Input -
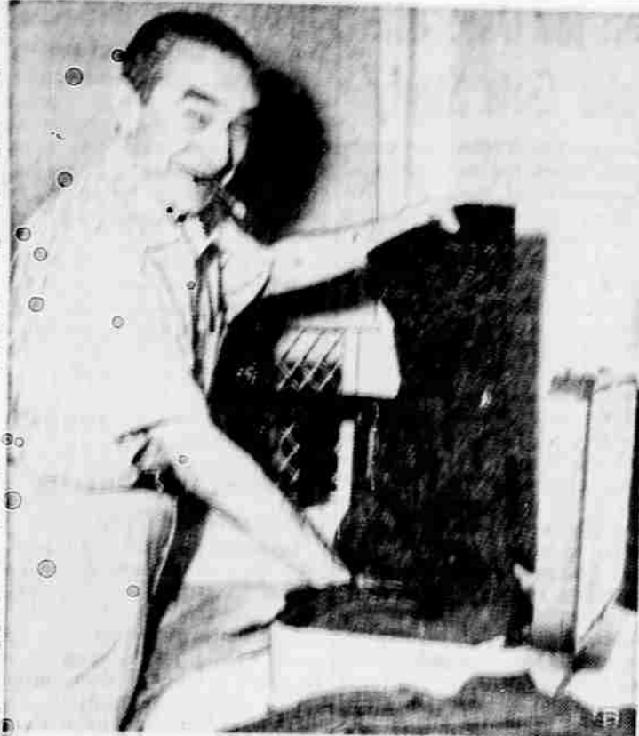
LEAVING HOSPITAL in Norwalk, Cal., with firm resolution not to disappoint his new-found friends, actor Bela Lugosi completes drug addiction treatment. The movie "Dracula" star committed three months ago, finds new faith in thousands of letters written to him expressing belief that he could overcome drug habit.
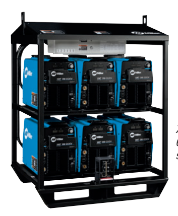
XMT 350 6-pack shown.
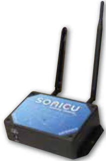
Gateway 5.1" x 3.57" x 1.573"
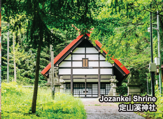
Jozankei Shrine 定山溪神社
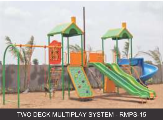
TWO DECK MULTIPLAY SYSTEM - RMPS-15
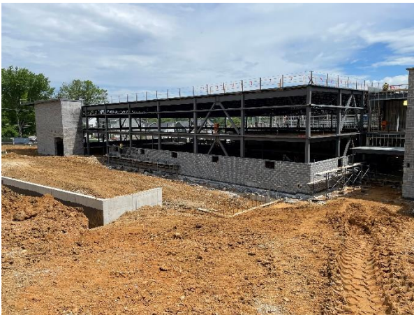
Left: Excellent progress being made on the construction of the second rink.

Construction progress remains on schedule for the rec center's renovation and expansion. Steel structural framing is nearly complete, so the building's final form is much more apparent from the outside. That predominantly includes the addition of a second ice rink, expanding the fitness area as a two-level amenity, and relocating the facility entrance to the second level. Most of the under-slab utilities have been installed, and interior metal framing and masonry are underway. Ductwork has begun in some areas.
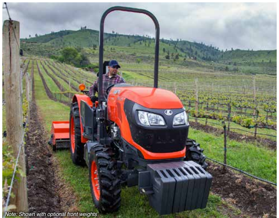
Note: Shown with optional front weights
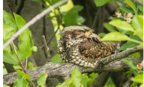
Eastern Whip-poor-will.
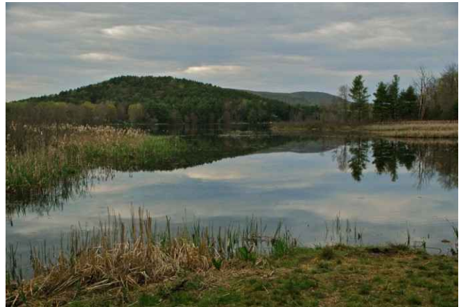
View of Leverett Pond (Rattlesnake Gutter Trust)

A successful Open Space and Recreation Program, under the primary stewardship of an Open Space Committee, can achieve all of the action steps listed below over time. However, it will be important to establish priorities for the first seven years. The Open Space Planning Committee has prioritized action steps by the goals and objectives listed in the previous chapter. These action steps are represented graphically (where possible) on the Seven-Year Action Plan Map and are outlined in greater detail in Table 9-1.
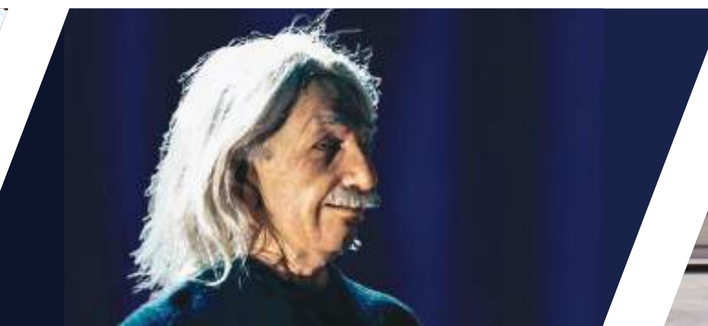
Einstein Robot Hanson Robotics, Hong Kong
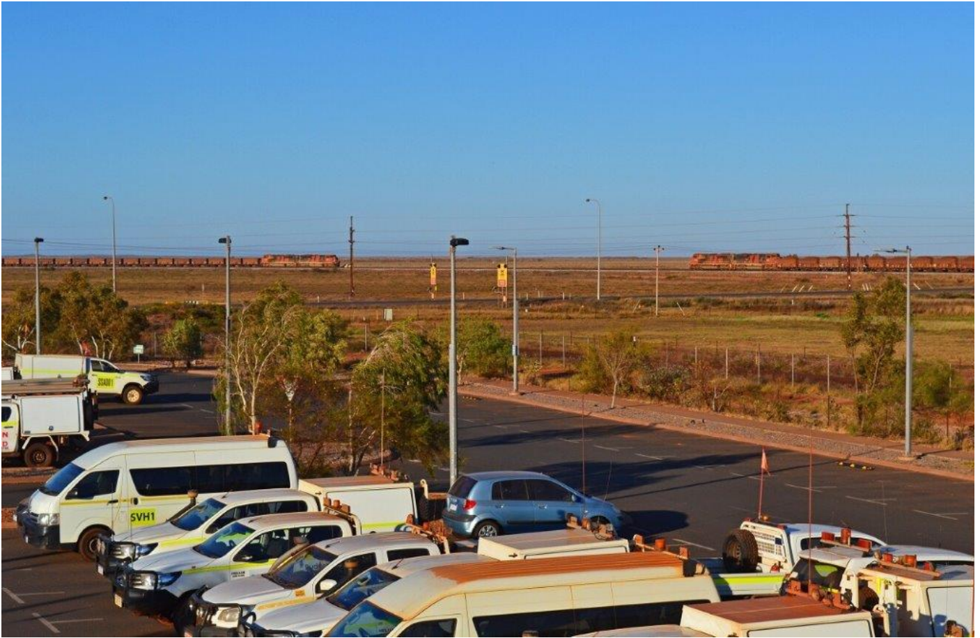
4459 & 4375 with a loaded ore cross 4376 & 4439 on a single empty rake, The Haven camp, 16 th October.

Aim of the task -
Return exactly the lines above, from the one with "TWO DECK MULTIPLAY SYSTEM - RMPS-15" up to and including the one with "Left: Excellent progress", and include no pictures.

Written answer -
TWO DECK MULTIPLAY SYSTEM - RMPS-15
Left: Excellent progress being made on the construction of the second rink.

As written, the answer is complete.